Out of Hours is a six-part British television medical drama series, first broadcast on BBC One on 20 May 1998. Set in the fictional city of Haventry in Birmingham, the series focuses on the lives of three "out of hours" GPs, Dr. Cathy Harding (Lindsey Coulson), Dr. Daniel Laing (John McArdle) and Dr. Paul Featherstone (Dominic West).

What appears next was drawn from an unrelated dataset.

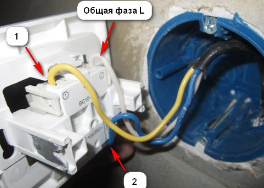 La tâche principale consiste à inspecter la connexion correcte du commutateur. Sur l'une des lignes, l'indicateur de tension en position ouverte doit indiquer la présence du potentiel de phase.

For the premiere episode, the Radio Times ran a double-page spread on the series, entitled "the surgery is now closed". A single series of six episodes were broadcast, with the concluding episode broadcasting on 24 June 1998. Episodes broadcast at 21:30 on Wednesdays. The series has yet to be released on DVD.

Casting
The series was notable for featuring Dominic West's first television role, having only previously acted in film. West revealed in 2016 during a webchat for The Guardian that for his role as Dr. Paul Featherstone, he was asked to speak in his natural accent after being told that his Birmingham accent was too "comedic".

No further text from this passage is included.